Diagnosis: 1. Check security logs for user’s IP 2. Review request timestamps 3. Identify specific operations triggering limit
Solution: – Increase rate limit by 50-100% – Whitelist specific user IPs if identifiable – Review application behavior (excessive AJAX?)
Rate Limiting Not Effective
Symptom: Attacks continue despite rate limiting enabled.
Diagnosis: 1. Verify rate limiting is enabled and deployed 2. Check that correct paths are protected 3. Review logs to confirm limits are triggering 4. Check if attacker is rotating IPs
Solution: – Decrease rate limit threshold – Change response from 403 to Drop – Add geographic blocking – Consider blocking specific IP ranges
False Positive Spikes
Symptom: Sudden increase in rate limit blocks on legitimate traffic.
Diagnosis: 1. Check for application changes (new feature, marketing campaign) 2. Review request patterns in logs 3. Identify if specific feature causing issue
Solution: – Temporarily increase limits during high-traffic events – Whitelist known-good IPs – Optimize application to reduce request volume
Distributed Attacks
Symptom: Attack from many different IPs, rate limiting per-IP not effective.
Diagnosis: 1. Review security logs for attack pattern 2. Note geographic distribution 3. Check user agent patterns 4. Identify attack type (login, API, etc.)
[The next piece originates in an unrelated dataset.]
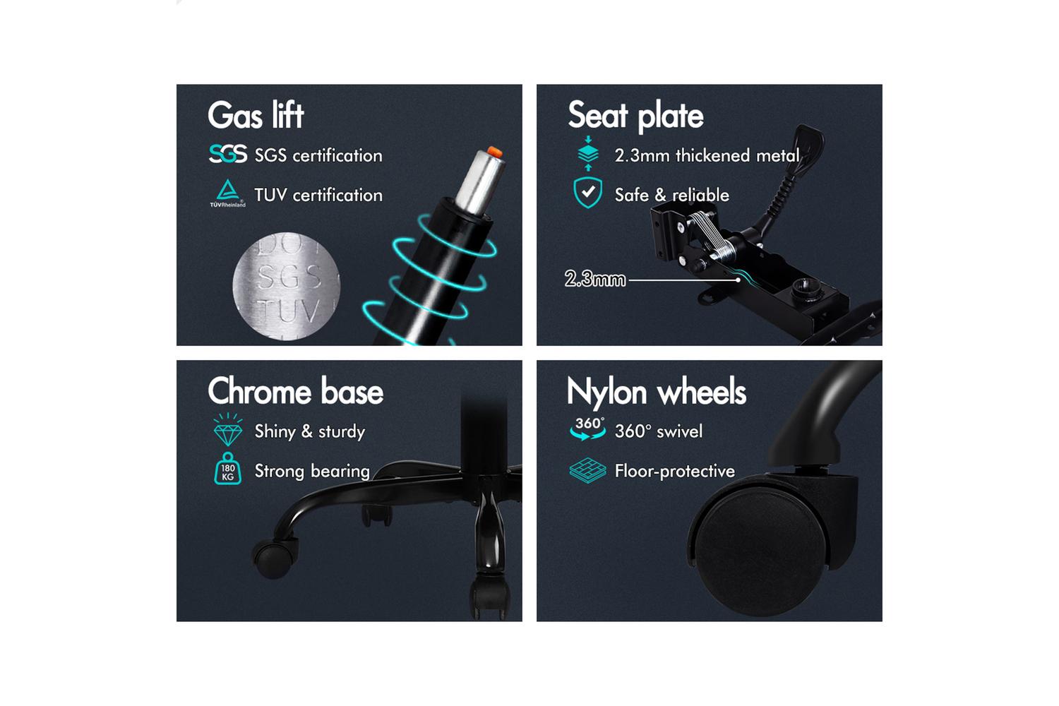 Constructed with a heavy duty chrome base, TUV certified casters and SGS approved gas-lift system, the chair is endurable. You don't have to worry about tipping over or exploding. The 360 degree swivel and height adjustable seat adds more convenience, delivering absolute five star luxury.

Solution: – Enable geographic blocking for attack source countries – Enable bot protection if automated – Lower rate limits aggressively – Consider temporary site-wide restrictions
Best Practices
Start Conservative: Begin with lower limits, increase if needed. Easier to increase than decrease.
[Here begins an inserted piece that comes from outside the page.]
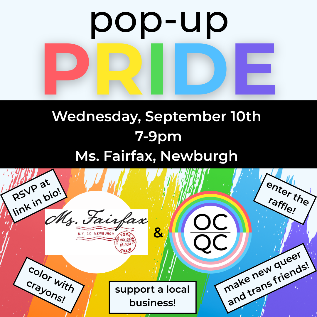 Join Orange County Queer Collective and like-minded folks in your community on Wednesday, September 10th for our monthly Pop-up Pride event at Ms. Fairfax in Newburgh! This is part of a recurring event series where LGBTQ+ residents and allies can gather in community each second Wednesday of the month at a different local business in Orange County. The events are informal meetups with a drop-in window from 7-9pm.

Monitor Actively: Watch logs for first 48 hours after enabling rate limiting.
Document Changes: Record limits, rationale, and any adjustments made.
Test Thoroughly: Verify legitimate workflows still function correctly.
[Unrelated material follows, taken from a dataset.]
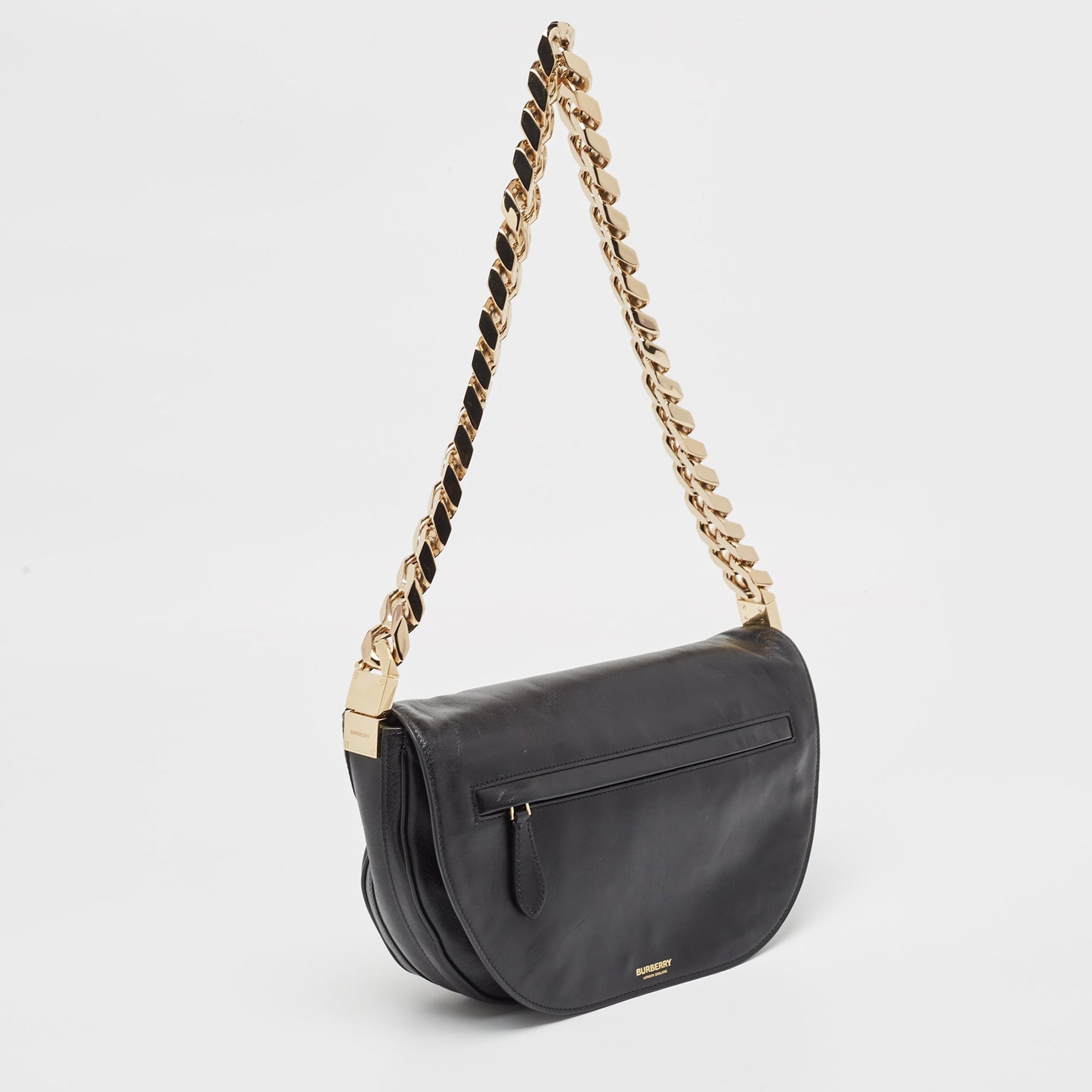 With an architectural shape, this Burberry Olympia bag resembles the crescent moon. The brand signature on the front lends to its instant identification, and it can be carried conveniently with a shoulder strap. Capturing the essence of feminity, it celebrates beauty through its creative design.

Use Appropriate Response: 403 for visibility, Drop for aggressive blocking.
Layer Protections: Combine rate limiting with geographic blocking, bot protection, and IP whitelisting.
Review Regularly: Quarterly review of rate limits and effectiveness.
Plan for Events: Increase limits temporarily during marketing campaigns or known high-traffic periods.
Rate limiting is effective against automated abuse while minimizing impact on legitimate users when properly configured and monitored.